Il pensiero di Giovanni Rissone, medico psichiatra basagliano.

Troppo spesso vengono prescritti psicofarmaci per i bambini e per gli adolescenti. Tempo fa, una ricerca, voluta dal Dipartimento di Igiene dell’Università di Torino, aveva dato dei risultati preoccupanti: “su oltre 600 tredicenni si scoprì che il 25%, ha usato, almeno una volta, psicofarmaci”. E sull’uso dei psicofarmaci,  si “scontrano”, da tempo, varie scuole di pensiero. Abbiamo voluto sentire l’opinione del dottor Giovanni Rissone, medico psichiatra basagliano, da sempre sostenitore che: «una persona che ha una sofferenza mentale non si cura, si aiuta. Si aiuta a recuperare le proprie risorse, si incrementano le risorse con l’esperienza, con il rapporto umano, si va a casa delle persone”.

Ecco cosa afferma il dottor Rissone a proposito dell’uso dei psicofarmaci dati ai bambini, agli adolescenti, e alle persone in generale.
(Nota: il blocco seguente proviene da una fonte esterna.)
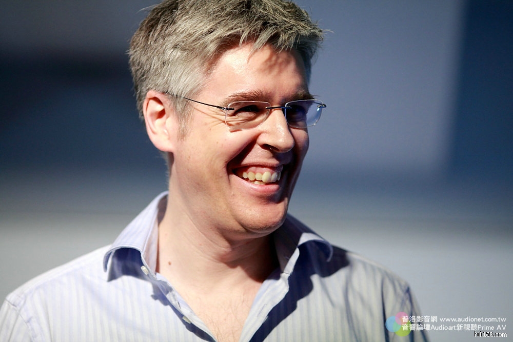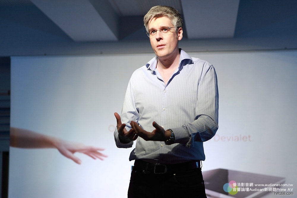 亞洲分公司總經理Andy主要負責講公司的歷史,以及發展,他今年40歲,目前住在新加坡,是英國人。才剛喜獲麟兒,晚上被小寶貝折騰得受不了,說這趟出差真舒服,每晚都睡得很好。哈哈,只要有小孩的都瞭解他的心情。他說英國人跟法國人平常都不對盤,他們同事間也經常以此開玩笑,不過真正相處還是很融洽,畢竟現在大家都有國際觀,尤其Devialet目前最注重的就是亞洲市場,當然要倚重取了韓國妻子、筷子拿得很好的Andy。Andy說他第一次陪老婆回韓國時,由於韓國筷子是金屬的,而且比台灣的還細還短,滑不溜丟,會見岳父岳母那餐他根本夾不起食物,不過現在已經很熟練了,跟老中一樣。

«I ragazzi depressi io li chiamo tristi perché non uso il linguaggio meteorologico; impariamo ad usare un linguaggio esistenziale: uno può essere un po’ triste, molto triste, infelice, molto infelice». Giovanni Rissone, medico psichiatra basagliano, svela un’amara ironia parlando del «paziente in tutti i sensi». Ripercorre la storia della psichiatria a partire dall’atto del 1794 di Pinel di liberare i matti reclusi al Bicêtre da “ceppi e catene”, evento che segnò l’inizio dell’era manicomiale. «In Italia non ci sono più ma in tutti gli altri paesi è allucinante, ho visto delle foto, in carcere hanno più dignità le persone, perché sanno anche difendersi». Emergono due nomi, EmilKraepelin e EugenBleuler; Kraepelin «Si è studiato centinaia di cartelle cliniche nei manicomi mettendo insieme i vari sintomi, ha usato il latino per parlare di “dementiapraecox”; Bleuler invece usò il greco per definire la “schizofrenia”, dissociazione del pensiero. Poi si è parlato di maniaco depressivi e di nevrotici; vanno molto di moda i bipolari.» Pare impossibile arrivare ad una definizione univoca di questi disturbi. «Nei primi anni Cinquanta è nato questo DSM (Diagnostic and Statistical Manual of Mental Disorders), siamo arrivati adesso alla V edizione (2014) e si sono più che triplicate il numero delle diagnosi, sono centinaia. Tra queste c’è la depressione suddivisa in decine di tipi. Questo manuale è scritto dall’American PsychiatricAssociation (APA), molto gradita alle holding farmaceutiche che producono psicofarmaci. Se uno aumenta le diagnosi, in modo direttamente proporzionale aumentano i guadagni; visto che oggi si parla tanto di tristezza o meglio di depressione, il fatturato annuale è di circa venti miliardi di dollari. I dati sono approssimativi e sono rilevabili solo negli Stati Uniti e in Europa. Immaginiamo un guadagno dieci volte più alto. Con gli informatori farmaceutici c’è un controllo territoriale, farmacia per farmacia. I principali distributori degli antidepressivi non sono gli psichiatri ma i medici di base, ottanta mila in Italia rispetto agli psichiatri, qualche centinaio. Il problema è che la cura è falsa, dannosa mentre i guadagni sono altissimi non per chi sta male ma per chi vende psicofarmaci. »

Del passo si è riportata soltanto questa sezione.